9.09.2010

All in due time.


The past few months have in a nutshell been some of the hardest. I have dreamt big dreams, almost given up, been frustrated beyond belief, been unrelentlessly aware of my sin and depravity, and known the grace of God. Yesterday things finally came together and I was given the opportunity to do what I love with two organizations that I consider family. One is a Housing First Non Profit where I did my senior internship and research project and the other is my church. Beyond being ecstatic about the fact that my "almost" job is my passion, I have come to appreciate the process of this whole gig. If nothing else, this waiting period has shown me that this idea is the Lords and not my own and that dreams from the Lord are not swayed by time, rejection, or discouragement. On the nights when all I wanted to do was go find a normal job, I would go to sleep so spent and emotionally drained only to wake up with the overwhelming notion that I just couldn't let it go.

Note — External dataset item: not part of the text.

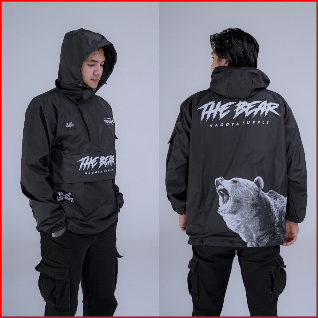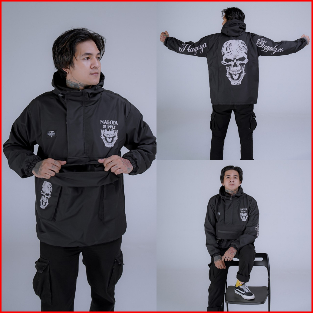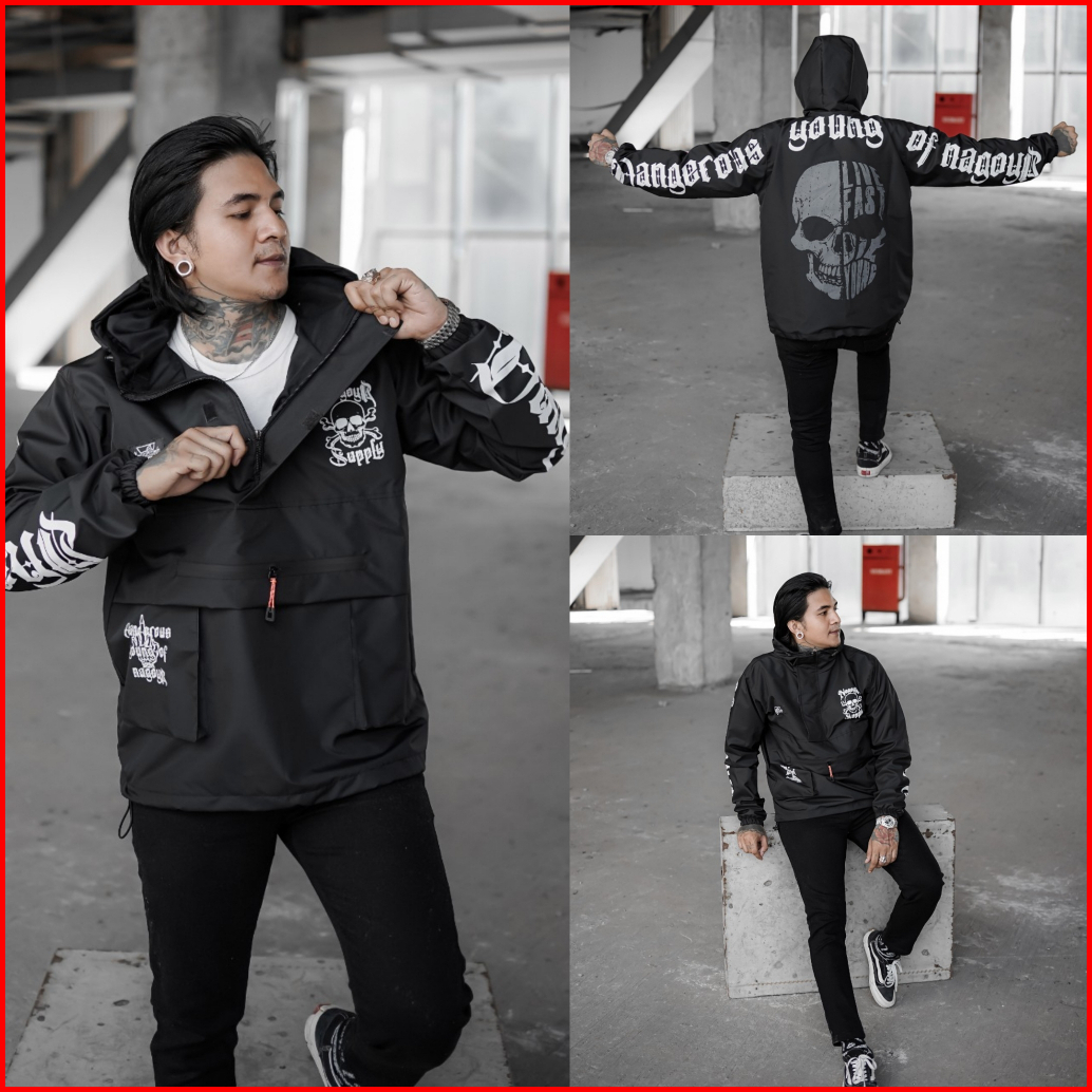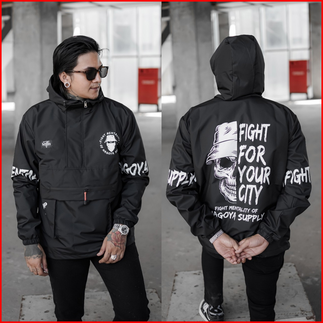 Jaket Pria Distro Parasut Waterproof Original Hitam Motif Anti Air Keren Jacket Cagoule Jaket Pria Wanita Terbaru

This week I have seen more than ever before that it is a privileged to love the homeless, not some quality of my own character. I do not see the homeless with my own eyes, but through the Lords- and today more than ever I realize that I am unworthy to serve even the "least of these".
It can be incredibly hard not to pat myself on the back for doing "social-worky" types of things...I mean when people are constantly telling me I'm such a good person and that I have such a good heart I start to give myself all kinds of undue credit.
The second I start to believe all the "do gooder" compliments I am ruined. (Friends-please take me off my high horse when I start to mount up again)

For those of you who have lived life with me these past few months, who have seen me at my best and often worst, who have seen me try to keep things together when I am falling apart, who have challenged me to be real and honest and to fight for what the Lord has instilled in me- Thank you. I appreciate your bearing with me through this more than you know and thank you for not being afraid to challenge me. Things are FINALLY coming into fruition and I couldn't be more excited about what is to come.